Vathis: Ashes of the Forsaken

Chapter 3: Chapter 3 – The Chains Begin to Break



The moment his power returned, Aeron knew.

It wasn't fully there yet—the seal his mother had placed on him still held, though it was fractured now, leaking tiny glimpses of what had once been his true potential. He could feel it stirring, like a beast waking from slumber, claws dragging against the inside of his mind.

Malik knew it, too.

For the first time, his father looked at him not as a failure, but as a threat.

And that changed everything.

---

The Lock and the Key

Aeron spent the next week in chains.

Not as punishment.

But out of fear.

He was moved from his usual chambers to the deepest sanctum of the temple, a place where no light reached. The walls were carved with old symbols, pulsing faintly with a magic meant to suppress and bind. The air was thick with rituals of control, whispers of the gods crawling against his skin.

His wrists and ankles were bound in iron shackles, carved with sigils that burned at his skin. Every time he tried to pull at them, a cold energy snaked through his veins, suppressing any flicker of magic that might rise.

He was not given food.

Water was rationed—just enough to keep him from dying.

The guards did not speak to him.

They did not even look at him.

The only sound was the steady dripping of water from the temple's cracked stone ceiling and the distant echo of footsteps far, far above.

Malik did not visit.

Not at first.

But Aeron knew his father too well.

He was waiting.

Planning.

Studying.

And then, on the seventh day, the silence ended.

"Do you understand now?" Malik's voice echoed through the chamber, cold and sharp.

Aeron sat against the far wall, chains fastened tightly around his wrists and ankles. He did not answer.

"Your mother's seal is failing," Malik continued, stepping closer. "That means you are waking up. It means there is still a chance to fix you."

Aeron finally looked at him.

"Fix me?" he repeated, voice hoarse from days without water.

Malik knelt before him, expression unreadable.

"You were meant to be great, Aeron. The vessel of a god. The herald of the old ways." He exhaled slowly, a rare crack of something almost human in his voice. "But she took that from you.
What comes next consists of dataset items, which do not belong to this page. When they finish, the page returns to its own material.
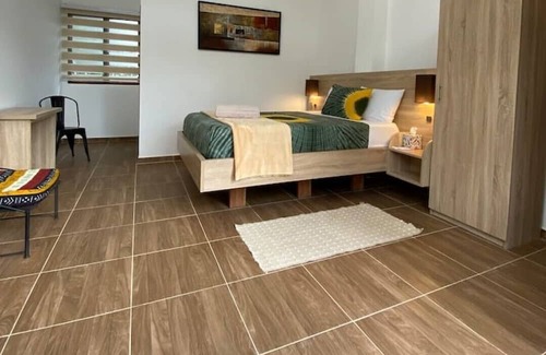 Kick back and relax in this calm, stylish space. A perfect location to breath-in the fresh and cool mountain air, away from the hustle and bustle of down-town Accra, 45 minutes drive south of us. Remote working? No problem. Want to live a higher-quality life in nature, away from the big city? No problem. You can have all the privacy you want, and still have access to the (knowledgable) hosts who live right next door if you need anything.
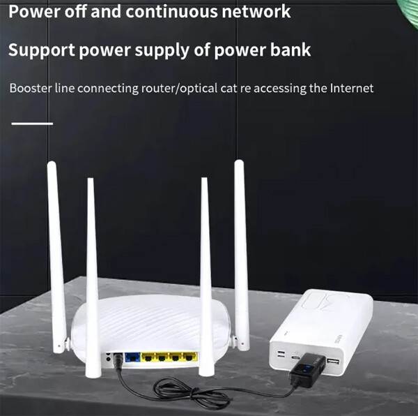 За відсутності електрики перехідник підключають до повербанка та заживляють від нього роутер. За допомогою приладу напруга АКБ на 5 В підвищується до 9 або 12 В.
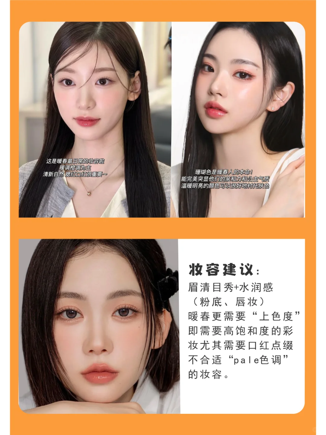 暖春更需要“上色度”,即需要高饱和度的彩妆尤其需要口红点缀,不合适“pale色调”的妆容。

She ruined you."

Aeron clenched his fists.

His mother's face flashed in his mind. Her gentle hands, her soft voice, the way she had whispered to him in those final moments before the fire consumed her—

"I will protect you, my son."

"One day, you will understand."

And now, her magic was breaking.

His father saw it as a chance to mold him.

To shape him back into the weapon he was meant to be.

But Aeron knew better.

This was not Malik's victory.

This was his mother's will finally awakening.

And he would not let it be twisted.

---

Selene's Warning

On the ninth day, Selene found him.

Aeron had not expected it—had not even thought it was possible for her to slip past Malik's guards, past the temple's curses, past the hundred barriers meant to keep the outside world away from him.

And yet—

One moment, he was alone in the darkness.

The next, she was there.

"Aeron."

Her voice was barely a whisper.

He flinched, staring at her in disbelief. "Selene—how—"

"No time," she interrupted, kneeling beside him. She pulled something from her sleeve—a small dagger, its hilt wrapped in cloth, its blade etched with old runes.

"This seal on you," she murmured, touching the chains. "It's failing, but not fast enough. Your father is planning something, isn't he?"

Aeron hesitated.

Then, finally, he nodded.

Selene exhaled sharply. "I heard things in the city. Whispers. He's preparing a ritual. Something to—" she hesitated, eyes darkening. "To take control of your power. Permanently."

Aeron's blood ran cold.

He should have expected this.

His father would never let him go.

Not as himself.

Only as a tool.

Selene's grip on the dagger tightened. "We need to get you out of here."

Aeron almost laughed.

"You think it's that easy?" He raised his wrists, showing the chains. "Even if we break these, Malik has wards all over this place. If I try to leave, they'll tear me apart before I take a single step."

Selene's gaze was calculating.

"What if we didn't break you out?" she murmured.

Aeron frowned. "What?"

"What if we made them think you were still here?"

She turned the dagger in her hand, eyes flicking toward the stone-carved symbols lining the walls.

"I have an idea."

And just like that—the path to freedom began.